Stationary Measure of the Open KPZ Equation through the Enaud-Derrida Representation
Zoe Himwich
TL;DR
The paper proves that the weak limit of RN-reweighted open ASEP stationary measures, under a weak-asymmetry rescaling and the Enaud–Derrida representation, yields the open KPZ stationary measure on $[0,L]$ for $u+v>0$. By establishing pointwise convergence of the RN derivatives to the KPZ RN factor and proving finite partition functions, the authors obtain a robust probabilistic construction of the open KPZ stationary measure without relying on finite-dimensional distributions. The approach generalizes the construction to arbitrary interval length $L$ and parameter regimes in the fan region, providing an alternative route to the probabilistic formulation. The results connect open ASEP, the DEHP algebra, and Brownian reweightings to the open KPZ fixed-point, with implications for understanding stationary states in stochastic interface growth and related stochastic PDEs.
Abstract
Recent works of Barraquand and Le Doussal and Bryc, Kuznetsov, Wang, and Wesolowski gave a description of the open KPZ stationary measure as the sum of a Brownian motion and a Brownian motion reweighted by a Radon-Nikodym derivative.
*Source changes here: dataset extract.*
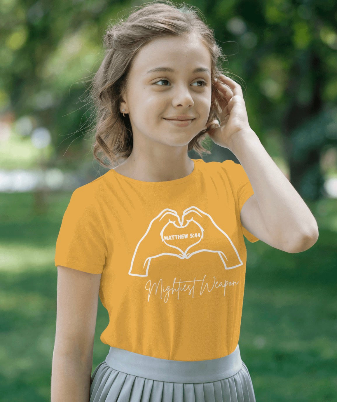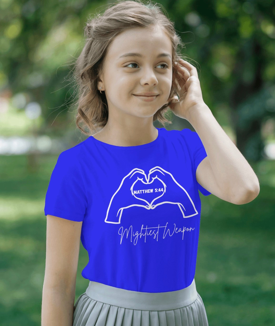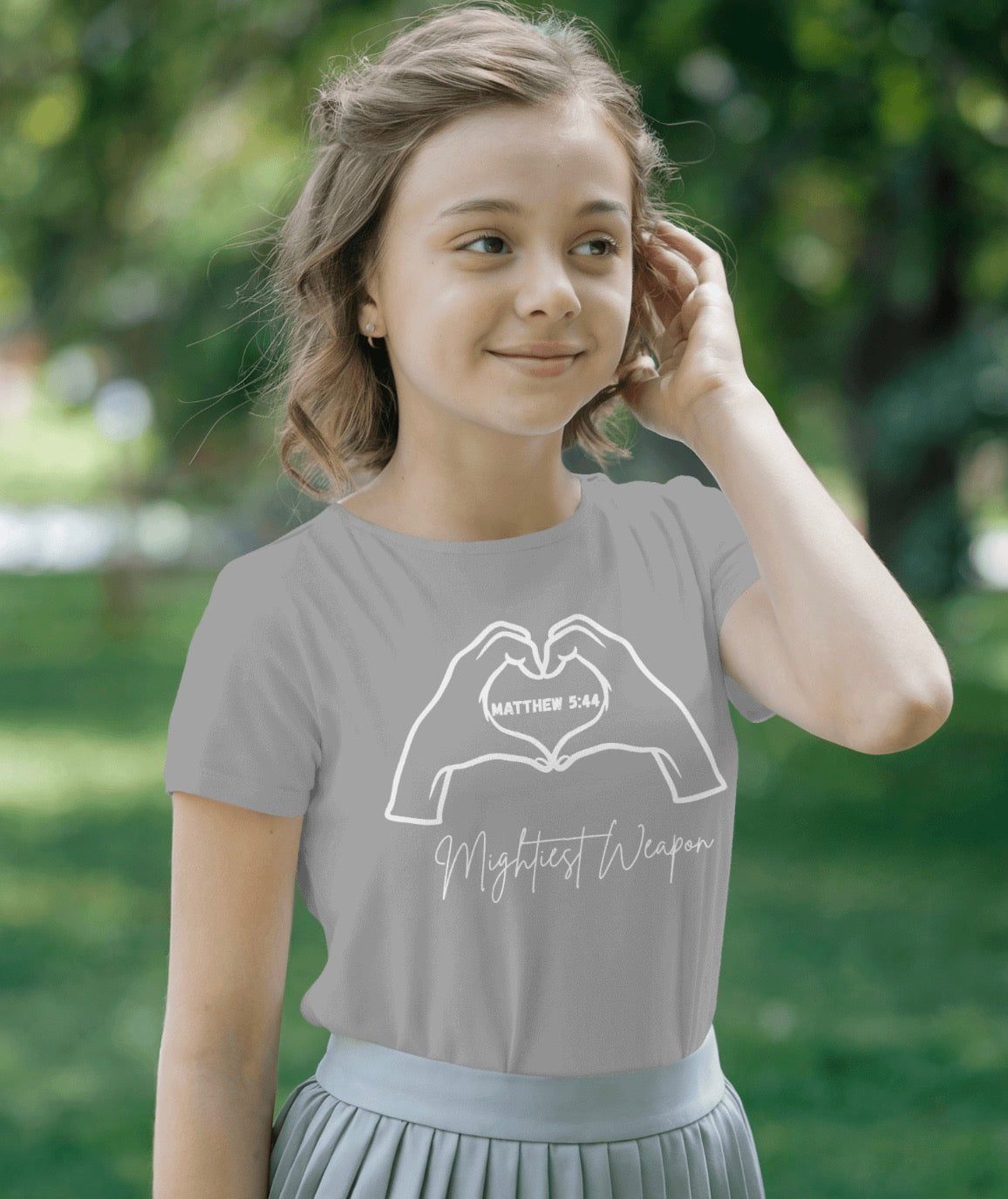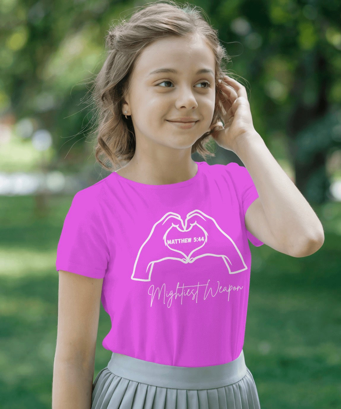 The Tee features hands forming a heart around Matthew 5:44, reminding us that choosing love is one of the strongest acts of faith.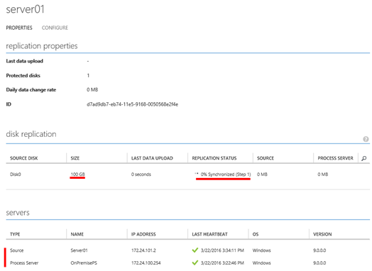 Jakmile je úspěšně dokončena instalace Mobility service, dochází k replikaci dat do Azure. Na obrázku je podrobně vidět jaké disky se replikují, kdo je zdroj dat a jaký proces server tyto data zpracovává.

Subsequent work of Barraquand and Le Doussal used the Enaud-Derrida representation of the DEHP algebra to formulate the open ASEP stationary measure in terms of the sum of a random walk and a random walk reweighted by a Radon-Nikodym derivative. They show that this Radon-Nikodym derivative converges pointwise to the Radon-Nikodym derivative that characterizes the open KPZ stationary measure. This article proves that the corresponding sequence of measures converges weakly to the open KPZ stationary measure. This provides an alternative proof of the probabilistic formulation of the open KPZ stationary measure, which avoids dealing explicitly with finite dimensional distributions. We also provide the first construction of the measure on intervals of a general length and for the full range of parameters in the fan region $(u+v>0)$.